**Source material:**
--------------------------------

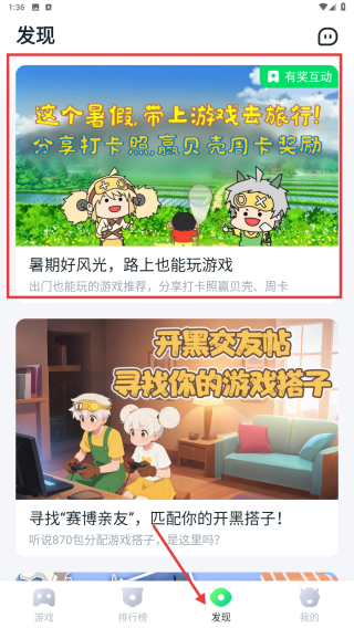 3、點擊底部發(fā)現(xiàn)選項,進入發(fā)現(xiàn)頁面,參與“這個暑假,帶上游戲去旅行!”分享打卡活動,贏取獎勵。
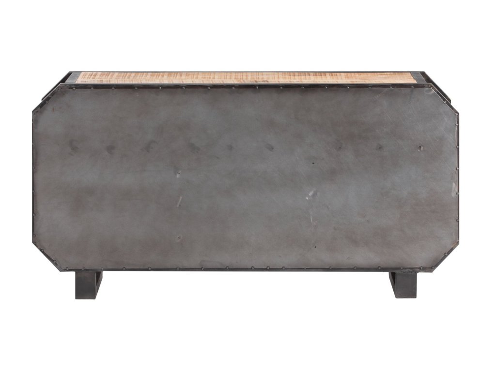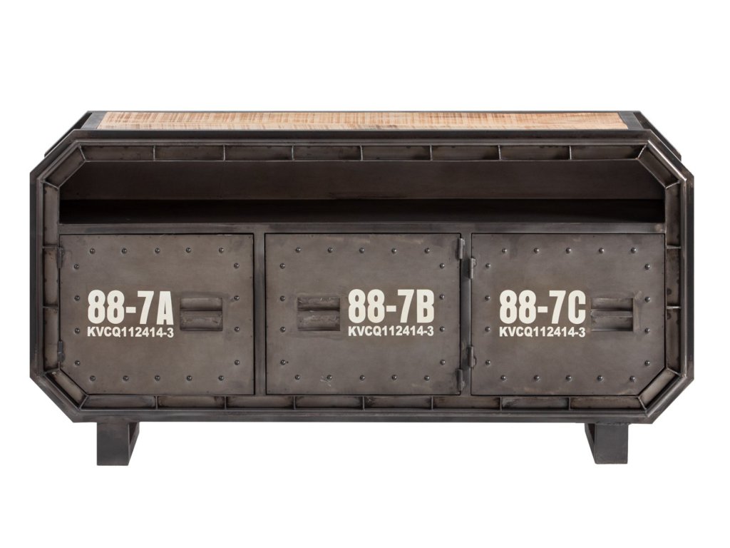 Design je skutečně poutavý: rustikální kov se setkává s elegantním mangovým dřevem . Výsledkem je výrazný kus nábytku, který je robustní a zároveň vyzařuje styl. Troje dvířka a otevřený prostor jsou super praktické a stylové potisky dělají z televizního stolku nezapomenutelný poutač.
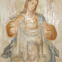 Santa Veronica con il velo, olio su tavola, pannello in legno del soffitto a cassettoni, 1717, pfarrkirche St. Johannes der Täufer, Kirchendemenreuth, Germania.

--------------------------------

**Task description:** Return the material above exactly; the images stay out.

**Answer:**
 3、點擊底部發(fā)現(xiàn)選項,進入發(fā)現(xiàn)頁面,參與“這個暑假,帶上游戲去旅行!”分享打卡活動,贏取獎勵。
 Design je skutečně poutavý: rustikální kov se setkává s elegantním mangovým dřevem . Výsledkem je výrazný kus nábytku, který je robustní a zároveň vyzařuje styl. Troje dvířka a otevřený prostor jsou super praktické a stylové potisky dělají z televizního stolku nezapomenutelný poutač.
 Santa Veronica con il velo, olio su tavola, pannello in legno del soffitto a cassettoni, 1717, pfarrkirche St. Johannes der Täufer, Kirchendemenreuth, Germania.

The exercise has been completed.